The Chair of the GIZ Supervisory Board, BMZ State Secretary Friedrich Kitschelt, and the Chair of the GIZ Management Board, Tanja Gönner, present the company’s annual report.
Photo: © GIZ

The increasing burden of development aid

Deutsche Gesellschaft für Internationale Zusammenarbeit (GIZ) GmbH is looking back over a successful business year in 2016. However, this also shows the magnitude of future challenges.

With business volume of EUR 2.4 billion, Deutsche Gesellschaft für Internationale Zusammenarbeit (GIZ) GmbH can look back on a successful business year in 2016. At its annual press conference in Berlin on 17 July, Management Board Chair Tanja Gönner reported an increase of EUR 220 million from the German Federal Ministry for Economic Cooperation and Development (BMZ). At EUR 1.9 billion, BMZ provides the largest share of the budget of GIZ, which is active on behalf of the Federal Republic of Germany in over 120 countries.

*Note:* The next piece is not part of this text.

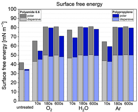 - Low-pressure plasma treatments with argon, oxygen and water as plasma gases increase the surface free energy significantly. The disperse and polar values calculated by the OWRK method were at the same level at 180 s treatment time, elevating the surface free energy by a factor of 2.4 for polypropylene and 2.3 for polyamide 6.6 to ca. 80 mN m−1.

Between 2010 and 2015, GIZ has supplied 45 million people in over 120 countries with drinking water, enabled 16 million people to have access to sanitation, created health services for over 120 million people, and organised health protection for over 300 million people.

The challenge of fragility

However, these impressive figures should not make us lose sight of the scale of the remaining challenges. There are 1.5 billion people living in fragile states worldwide, and half the countries where GIZ is active are rated fragile and unstable. Without security, life and health are at risk, infrastructure is destroyed or neglected, and the food supply is frequently interrupted. According to the annual report, economic progress is lagging.

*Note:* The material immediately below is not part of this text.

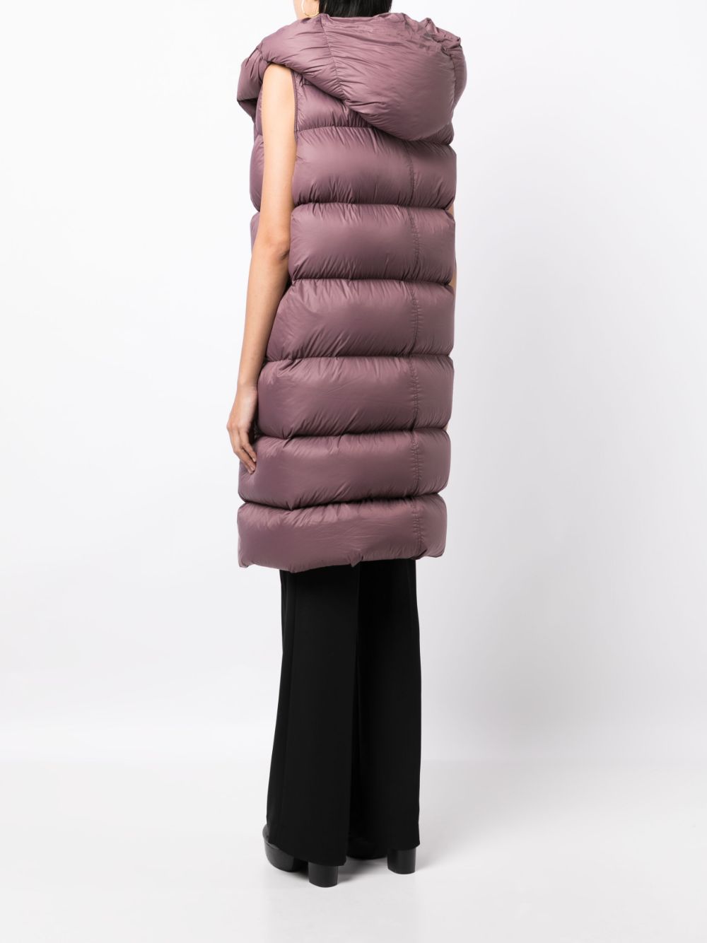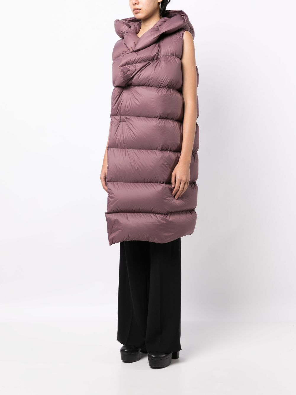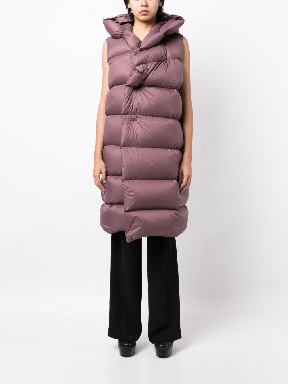 Part of Rick Owens' Luxor collection, this amethyst purple gilet is defined by its oversized silhouette enhanced by a goose down padding that lends its sleeveless silhouette insulation and warmth. Fastening at the front with concealed press-stud buttons, it highlights the brand's avant-garde exploration of outerwear.

Where there is open conflict, the only answer is to extinguish the ongoing conflagrations. Without a peace agreement in Syria, there will be no end to the humanitarian disaster in the Middle East, Gönner regretted. Meanwhile, GIZ has to try and stabilise neighbouring countries. GIZ is trying to provide children with an education, to avoid the emergence of a ‘lost generation’. Already short of water, Jordan is having to share its resources between even more people, and Lebanon’s six million inhabitants are hosting an additional million refugees. Even if their budget is increased, the continuing political failure of the global community means that the tasks facing the development organisations will carry on growing.

Setting course

Africa is constantly referred to as the ‘continent of opportunity’, but this can very quickly take a turn for the worse unless the right policy is adopted soon. The population will double by 2050, according to Friedrich Kitschelt, BMZ State Secretary and Chair of the GIZ Supervisory Board. Half will be under 25, and half of these in turn will lack training, unless corrective measures are taken. ‘Education, training, employment’ are the three keynotes in the BMZ priorities for Africa. In isolation, these are useless. Trained workers unable to find work will migrate to where there are openings. This is why, in their closing statement on Africa in Hamburg at the start of July, the G20 nations called for the creation of 20 million jobs a year.

Agenda 2030 points the way

The compass for GIZ’s daily work is Agenda 2030, Kitschelt explains. The 17 Sustainable Development Goals reflect the extent of the tasks facing every development organisation. However, without global policies, they will be unable to master these on their own.